In far away places including America, Nigerians have been placed in strategic positions to help the country remain progressive in various ramifications.
However in Nigeria, for more than 50 years, we convert our economic gurus and scientists to fellow political criminals as soon as they arrive on the political stage.
We don’t move forward.
In politics, at a time that the world is discussing migration politics and politics of job creation, we in Nigeria are still struggling with counting of ballot papers.
Nigeria is a disgrace to Africa when it comes to conducting elections.
Recently it was in Kogi State and last week it was in Rivers State where people in this century and age went about killing fellow human beings just because they were asked to cast their votes.

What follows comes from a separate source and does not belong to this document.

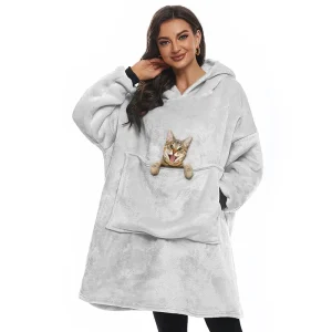 Poncho polaire chat pour femme à capuche avec poche centrale

In 1980 whilst I was in primary 3 my class teacher thought it was time to appoint class representatives who would be good ambassadors of her class. She adopted the merit system.
She based her arguments on performances during classwork and related activities.

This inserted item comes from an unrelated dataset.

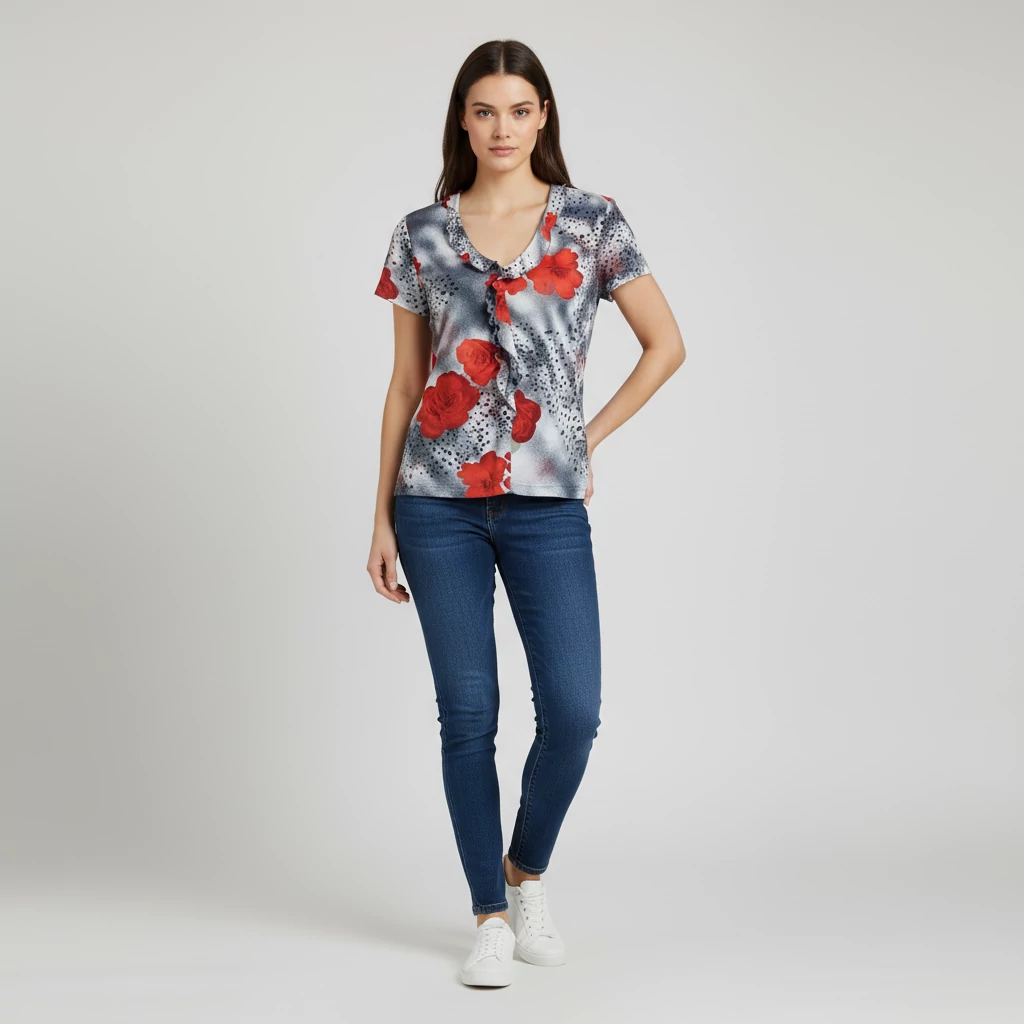 Vállán strasszkővel díszített, elején dupla anyagú női felső

It was a peaceful exercise. l emerged as the class captain and Foluso Agboola emerged as the assistant class captain.
It probably wasn’t a democratic process but it is an integral part of democracy, that merit would be considered a factor in producing candidates.
We were rewarded with positions because we deserved it.
Before that process I had seen boys since l was 6 years old or less fighting for place and supremacy and l have no idea how or why they thought they had to fight to claim authority when they have not shown that they are responsible.
Mrs. Nwaoha cleared things in my head forever. Merit first.
In 2016 the Federal Republic of Nigeria cannot conduct elections that involve ordinary counting of votes.
The people of Rivers cannot conduct themselves orderly. They went about committing murders and arsons rather then fishing out men of character and integrity like civilised people.
In several essays l have written of the times l wept for Nigeria in my private moment and it is not a joke or make believe. Sometimes l had cleaned tear drops from my laptops.
If an x-ray can reveal a bleeding heart, the beam light should come to my chest.
Nigeria makes me sad.
Stories like those associated with the beheading of politicians and the massacres of citizens in River States are devastating to my health status.
I think about where civilisation has brought mankind and what Nigerians are doing to themselves. I’ll been insensitive and inhuman to hold back my tears.
Stories from the north are not news. The traumas of my childhood just became incurable as l wrote in a previous essay.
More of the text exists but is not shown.